I now think about that and wonder why I would have ever WANTED to copy my CDs onto a tape..... this was written in March of 2000.... man was I way behind the times >_>
But that's not the reason that I sat down to write this. I flipped through, and then came across the first empty page. I looked at the entry before... and it was April 29, 2000. I was stunned. I couldn't believe that I hadn't written in my journal in over seven years. It led me to think about what had actually happened in my life over the past seven years... and it was very interesting to reflect on. Sobering in one sense in that I'm not sure I could say I did much to impact eternity, but amazing in another to see how far I have come from that young age of 14.

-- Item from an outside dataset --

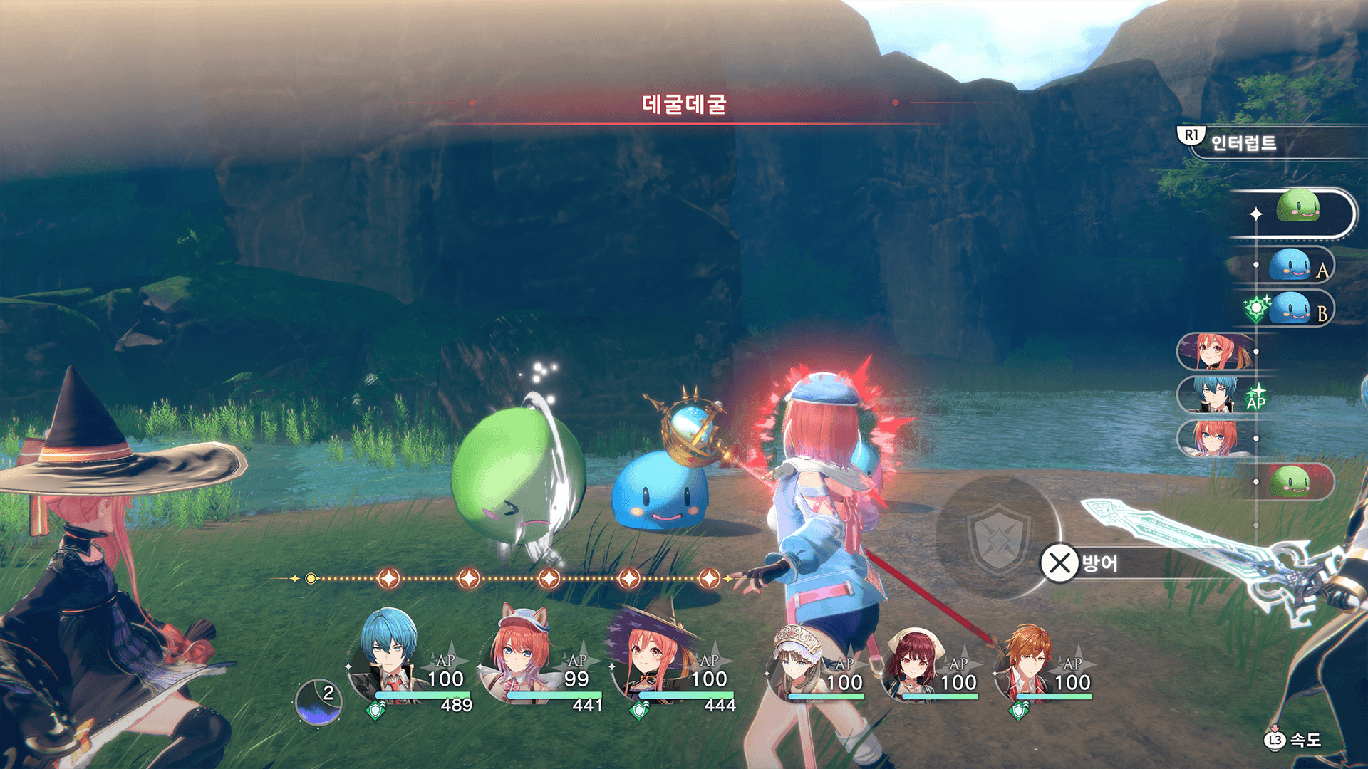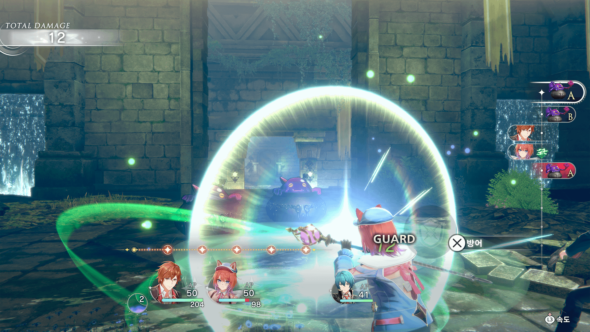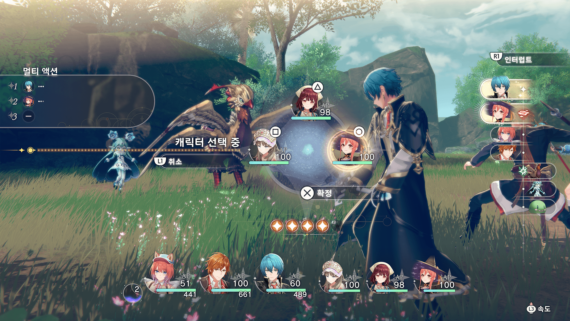 배틀 커맨드 선택 시 TP를 사용하여 차례가 된 캐릭터의 뒤에 후열 멤버의 차례를 추가할 수 있습니다.
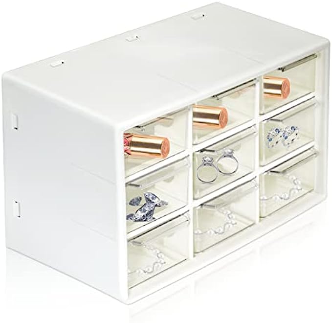 【CLEAR DISPLAY BOX DESIGN】The drawers of the storage box are made of crystal-clear plastic material, beautiful and durable. It can store and display the daily-use things perfectly. You can find what you need with the clear desk storage bins quickly.

I began writing about these reflections because I figured it was necessary... the real reason for writing in the journal would have to wait. After thinking about what I had learned, and writing a few pages, I turned the page to continue writing... and lo and behold... it turns out that those two empty pages were just that... two empty pages... two pages that i had inexplicably skipped as I was writing about my life. So sandwhiched in between the April 29, 2000 entry and the June 1, 2000 (I don't actually write in my journal much ok >_>) is an entry from May 7, 2007.
The reason I blog about this however is not to just say that this occurred. I got to thinking about all the things that I realized I had learned about myself that I had forgotten that I had learned about myself (it's always fun writing such convoluted sentences like that.). I wonder if everyone were to do this at some point and just think back to the past ten years of their life (for me... that's half my life >_> Makes me feel young again to think that :D) what they would realize about themselves that they had forgotten and what they would understand about themselves after looking at past experiences with the wisdom of their current years.
I will end with the quote that I finished off on my journal entry.
"I will ground my self-worth in my identity with Christ. I will value my life by what I do for Christ and what God thinks of me and not who I know (other than our Father through Christ Jesus) or what people think of me. May the LORD be praised forever."